## GIVEN ENTRIES:
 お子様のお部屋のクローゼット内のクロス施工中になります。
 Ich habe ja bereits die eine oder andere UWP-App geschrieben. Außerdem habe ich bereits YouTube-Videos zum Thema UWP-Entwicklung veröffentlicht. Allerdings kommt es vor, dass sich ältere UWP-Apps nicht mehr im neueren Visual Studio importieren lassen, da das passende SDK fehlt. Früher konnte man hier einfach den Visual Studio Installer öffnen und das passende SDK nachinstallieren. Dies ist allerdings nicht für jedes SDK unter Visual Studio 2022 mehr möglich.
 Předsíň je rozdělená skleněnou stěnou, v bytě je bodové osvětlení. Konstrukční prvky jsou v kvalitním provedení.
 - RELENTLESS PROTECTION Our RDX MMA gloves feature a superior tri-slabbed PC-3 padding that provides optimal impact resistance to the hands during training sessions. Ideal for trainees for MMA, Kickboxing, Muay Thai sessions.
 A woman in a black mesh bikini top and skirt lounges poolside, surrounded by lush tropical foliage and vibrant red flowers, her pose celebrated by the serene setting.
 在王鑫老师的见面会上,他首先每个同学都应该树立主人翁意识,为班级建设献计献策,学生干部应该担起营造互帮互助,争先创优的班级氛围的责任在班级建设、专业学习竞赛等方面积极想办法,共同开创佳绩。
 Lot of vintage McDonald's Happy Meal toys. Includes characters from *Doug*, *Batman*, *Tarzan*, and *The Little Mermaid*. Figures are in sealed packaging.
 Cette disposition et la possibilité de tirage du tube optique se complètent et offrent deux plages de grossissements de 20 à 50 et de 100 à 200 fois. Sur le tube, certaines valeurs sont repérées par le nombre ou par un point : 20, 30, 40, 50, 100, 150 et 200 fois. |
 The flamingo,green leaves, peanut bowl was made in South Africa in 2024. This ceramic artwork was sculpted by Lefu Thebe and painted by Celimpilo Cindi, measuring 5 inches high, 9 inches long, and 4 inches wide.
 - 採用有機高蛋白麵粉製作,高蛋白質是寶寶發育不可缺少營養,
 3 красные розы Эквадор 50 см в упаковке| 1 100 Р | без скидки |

## WHAT YOU SHOULD DO:
The records above are to be restated word for word, in full.

## RESPONSE BELOW:
 お子様のお部屋のクローゼット内のクロス施工中になります。
 Ich habe ja bereits die eine oder andere UWP-App geschrieben. Außerdem habe ich bereits YouTube-Videos zum Thema UWP-Entwicklung veröffentlicht. Allerdings kommt es vor, dass sich ältere UWP-Apps nicht mehr im neueren Visual Studio importieren lassen, da das passende SDK fehlt. Früher konnte man hier einfach den Visual Studio Installer öffnen und das passende SDK nachinstallieren. Dies ist allerdings nicht für jedes SDK unter Visual Studio 2022 mehr möglich.
 Předsíň je rozdělená skleněnou stěnou, v bytě je bodové osvětlení. Konstrukční prvky jsou v kvalitním provedení.
 - RELENTLESS PROTECTION Our RDX MMA gloves feature a superior tri-slabbed PC-3 padding that provides optimal impact resistance to the hands during training sessions. Ideal for trainees for MMA, Kickboxing, Muay Thai sessions.
 A woman in a black mesh bikini top and skirt lounges poolside, surrounded by lush tropical foliage and vibrant red flowers, her pose celebrated by the serene setting.
 在王鑫老师的见面会上,他首先每个同学都应该树立主人翁意识,为班级建设献计献策,学生干部应该担起营造互帮互助,争先创优的班级氛围的责任在班级建设、专业学习竞赛等方面积极想办法,共同开创佳绩。
 Lot of vintage McDonald's Happy Meal toys. Includes characters from *Doug*, *Batman*, *Tarzan*, and *The Little Mermaid*. Figures are in sealed packaging.
 Cette disposition et la possibilité de tirage du tube optique se complètent et offrent deux plages de grossissements de 20 à 50 et de 100 à 200 fois. Sur le tube, certaines valeurs sont repérées par le nombre ou par un point : 20, 30, 40, 50, 100, 150 et 200 fois. |
 The flamingo,green leaves, peanut bowl was made in South Africa in 2024. This ceramic artwork was sculpted by Lefu Thebe and painted by Celimpilo Cindi, measuring 5 inches high, 9 inches long, and 4 inches wide.
 - 採用有機高蛋白麵粉製作,高蛋白質是寶寶發育不可缺少營養,
 3 красные розы Эквадор 50 см в упаковке| 1 100 Р | без скидки |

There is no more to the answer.